You can let it ride as many times as you like, but the longer you go without banking your points, the more you stand to lose with each possession. The first team to bank a predetermined number of points (usually around 5) wins the game.
An example
O line and D line are playing Let it ride. First to bank 3 points wins. O line gets to start on offense (of course), and scores their first point on an easy upline cut. They choose to bank, making the score 1 - 0. Then it's D-line's turn. They immediately turf a swing pass, giving the disc back to O-line.
O-line scores again, and this time they decide to let it ride, and take another shot at the endzone to win the game. But there's a miscommunication on the iso cut and the inside throw goes to nobody, leaving the score still at 1-0.
D-line scores on a nice hammer, and lets it ride! Then the iso defender gets caught off-guard, and they score again! Now they have two points on the line, and they decide to let it ride again for the win. A garbage throw to the back of the stack goes up, and Corey skies everyone to win the game for D-line. Final score: 3-1, D-line wins.
Strategy
For this article, let's completely set aside the question of frisbee strategy. You might want to know:
Given an accurate estimate of how often both teams succesfully convert their endzone possessions, when should I bank, and when should I let it ride?
First of all - if you just want to look up what strategy you might want to use in a given situation, you can just consult these tables.

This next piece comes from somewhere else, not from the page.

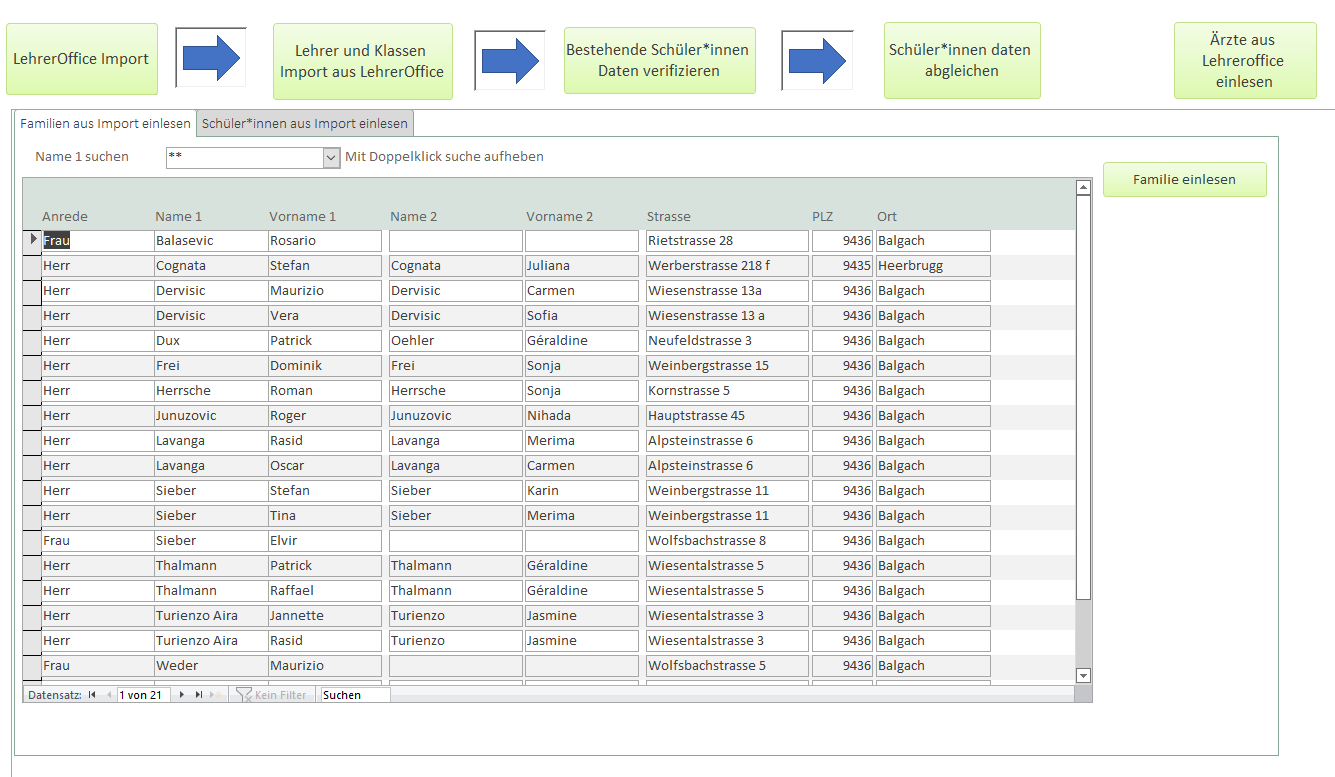 Es können Erziehungsberechtigte und Schüler*innen aus dem LehrerOffice importiert werden.

You should keep reading this article if you want to understand more of the details behind the strategies I've computed. Before we get into any careful analysis, though, let's see if we can conclude anything about Let it ride strategy, just based on our intuition.
Observations
Your choice of whether to bank or ride should depend on how confident you are in your ability to score, and your opponent's ability to score. If you score more often, it makes sense to risk more points. For example, if you score on 99% of your endzone possessions, there's no reason for you to ever give your opponent a chance to play. You'll probably just win without ever needing to bank any points.
Conversely, if both you and your opponent only score on 1% of your possessions, then you should bank your points every time - getting just one point is hard enough that it makes no sense to try for two in a row.
You should take more risks if you're behind. Say your opponent is up 4-2 in a game to 5, and you know that both teams score on 75% of their possessions. If it's your turn, and you choose to bank your points, you'll have at best a 25% chance of winning the game. You have a better than 50% chance of scoring two points in a row, so letting it ride is your best option.
Your optimal strategy might depend on your opponent's strategy. If you happen to know that your opponents are especially risk-averse, and tend to bank points even when they should be letting it ride, you might be able to take advantage by playing a little more conservatively than you normally would. Conversely, if your opponents like taking irrational risks, you can possibly afford to take slightly bigger risks as well.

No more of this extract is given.